Я взглянула на бедного, лежащего без сознания Сефу. Не знаю, как я смогу влить в него снадобье, но, надеюсь, придумаю что-нибудь, когда дело дойдет до этого. Я поднялась на ноги и вернулась к рабочему столу. На одной из полок нашлась целая горка чистых, ни разу не использованных глиняных чашек, и я взяла одну из них. Потом я порылась в выдвижном ящике стола и нашла новую тростинку. Теперь предстояло самое сложное – переписать на стенку чашки длиннющее заклинание. Я записала по памяти первые три слова, сходила к статуе, посмотрела, что там дальше. Вернулась. Записала. Снова пошла…
Потом перетащила чашку, чернила и тростинку к статуе, поставила прямо на пол, села сама и принялась за работу. Теперь дело пошло живее.
Наконец все было закончено. Оставалось лишь понять, сколько времени должна будет сохнуть моя надпись.
Мое внимание привлекли шаркающие шаги за дверью лаборатории. Я повернула голову и затаила дыхание. Интересно, кого это сюда принесло? За себя мне опасаться, пожалуй, не стоило, я не сделала ничего противозаконного. И, кроме того, не будем забывать, что я была Рехет, а это, между прочим, кое-что да значит.

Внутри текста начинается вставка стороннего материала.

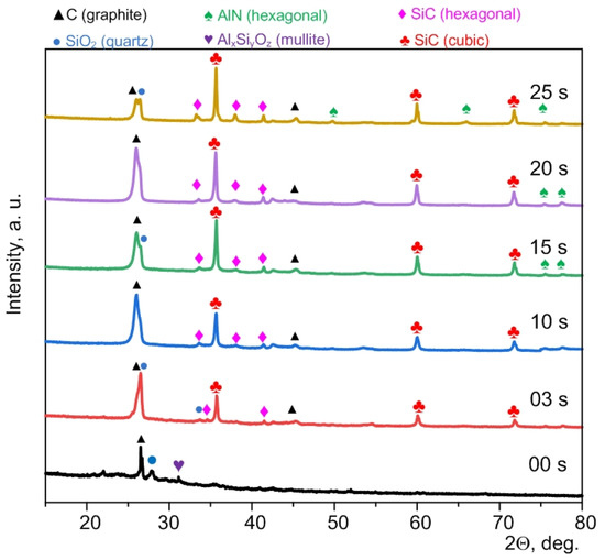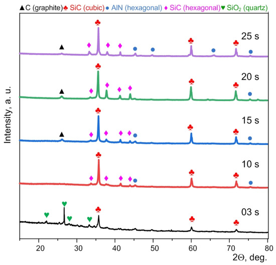 The diffraction patterns of the samples synthesized via the DC arc discharge method showed the following main phases: two phases of C (graphite), SiC (hexagonal), SiC (cubic), and probably AlN (hexagonal) due to the superimposition of a number of diffraction maxima. Quantitative analysis of the studied samples is indicated in the in the Supplementary Materials (Table S1). In a sample of 25 s, a decrease in the graphite phase can be observed compared to the rest of the samples; this is explained by the fact that with a duration of synthesis of 25 s, a lot of powder based on silicon carbide and graphite sinter are formed in the crucible, which was removed mechanically. The two carbon phases are formed due to electrical erosion of the anode with mass transfer from the anode to the cathode [27] and the presence of residual carbon in the raw material. The absence of mullite peaks (AlxSiyOz) and the reduced amount of quartz SiO2 indicate their consumption during the formation of SiC [26,27] and AlN [28] phases via carbothermal reduction. The data reported in [29,30,31] confirm the formation of silicon carbide phases by electric arc processing in air. In addition, the XRD pattern shows low-intensity traces of crystalline phases of hexagonal aluminum nitride. Superimposition of the main diffraction maxima of aluminum nitride and the maxima of silicon carbide complicates accurate phase identification by X-ray diffractometry. Yet, in addition to silicon carbide, aluminum nitride can be formed during electric arc processing of ash and slag waste [32].
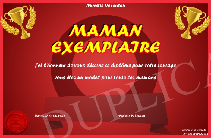 Envoyez par email votre MAMAN EXEMPLAIRE personalisé
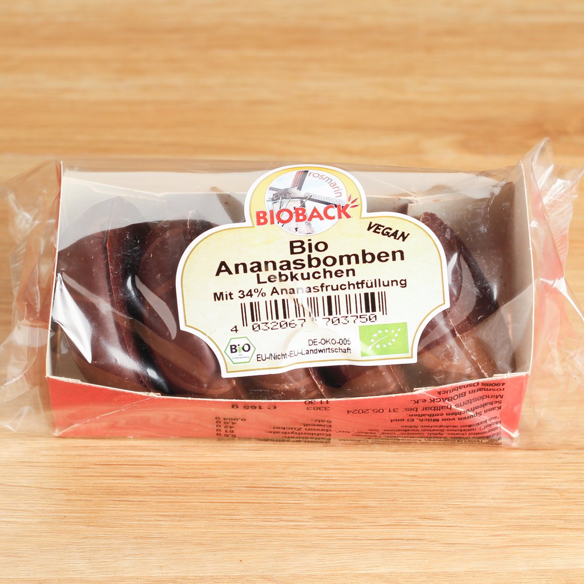 Rohrohrzucker*, WEIZENMEHL*, Ananassaft*, Kakaomasse*, DINKELMEHL*, Kakaobutter*, Palmfett* (ungehärtet), Säuerungsmittel (Zitronensäure, Weinsäure), Rübenzucker*, Reisdrinkpulver*, Backtriebmittel (Ammoniumhydrogencarbonat; Kaliumcarbonat), Erdmandelgrieß*, HASELNUSSMASSE*, Karamellzuckersirup*, Stabilisator (Pektin, Johannisbrotkernmehl), Färbendes Lebensmittel* (Kürbis*, Apfel*), Gewürze* (Zimt*, Nelken*, Anis*, Muskat*), natürliches Bourbon Vanillearoma*, Salz.
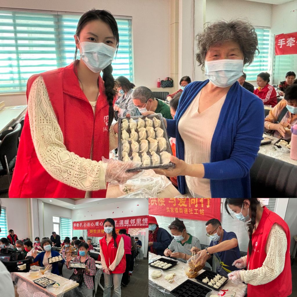 为丰富辖区居民群众文化生活,关爱社区居民,增强邻里之情,持续弘扬“尊老、敬老、爱老、助老”的中华民族传统文化。5月6日上午,洪家楼街道社工站联合洪家楼社区开展“小小饺子连情义 社区飘出幸福味 ”包水饺活动。
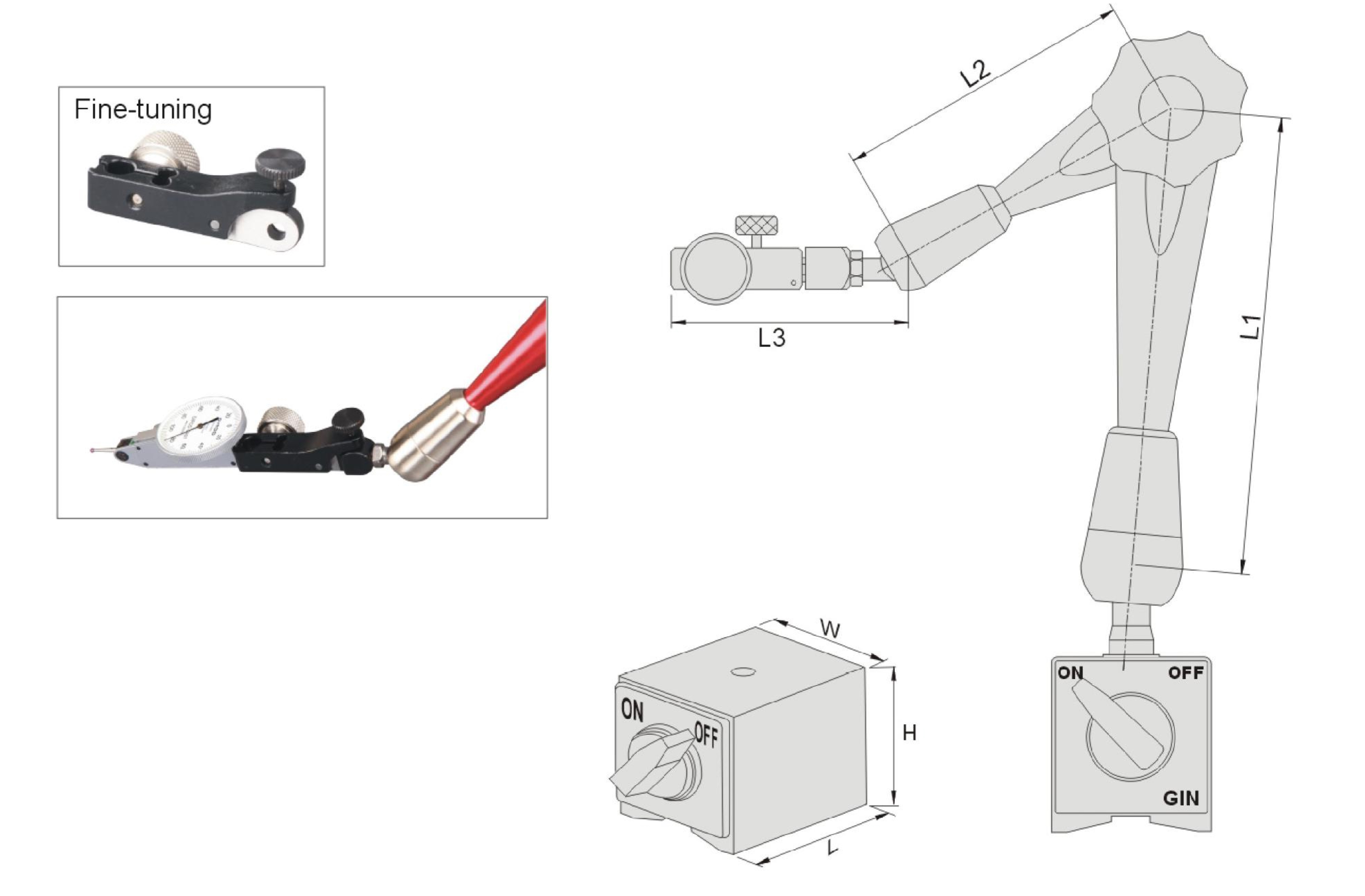 | 訂購編號 | 型號 | 杠桿規格 | L3 | 磁性座規格 | 吸力(N) | 重量 | |||||

В дверном проеме появился и остановился старик. Он был одет в простой крестьянский мишлах и держал в правой руке посох. Потом я заметила молочно-белые незрячие глаза старика и неестественный поворот его головы.
– Здравствуйте, – негромко, чтобы не напугать его, сказала я.
Старик повернул голову на мой голос – это подтвердило мою догадку, что он слепой.
– Приветствую, – ответил старик, медленно вползая в комнату. – Вы, наверное, новая жрица Сену?
– О нет, вовсе нет! Если честно, я надеялась, что никто не узнает о том, что я здесь.
– Вы больны?
– Не я, а мой… друг. – Я посмотрела через плечо на Сефу, затем снова перевела взгляд на старика. – Вообще-то он не человек, а обезьянка, но он принадлежал Гаджи – я имею в виду юного фараона – так что я подумала, что боги не будут возражать. Вы же знаете, наверное, что в прежние времена они дозволяли мумифицировать обезьян, вот я и решила, что они не будут против того, чтобы я попыталась вылечить одну из них, пока она жива. А вы как думаете?
– Я думаю, боги не будут против, – сказал старик, продвигаясь дальше в глубь комнаты.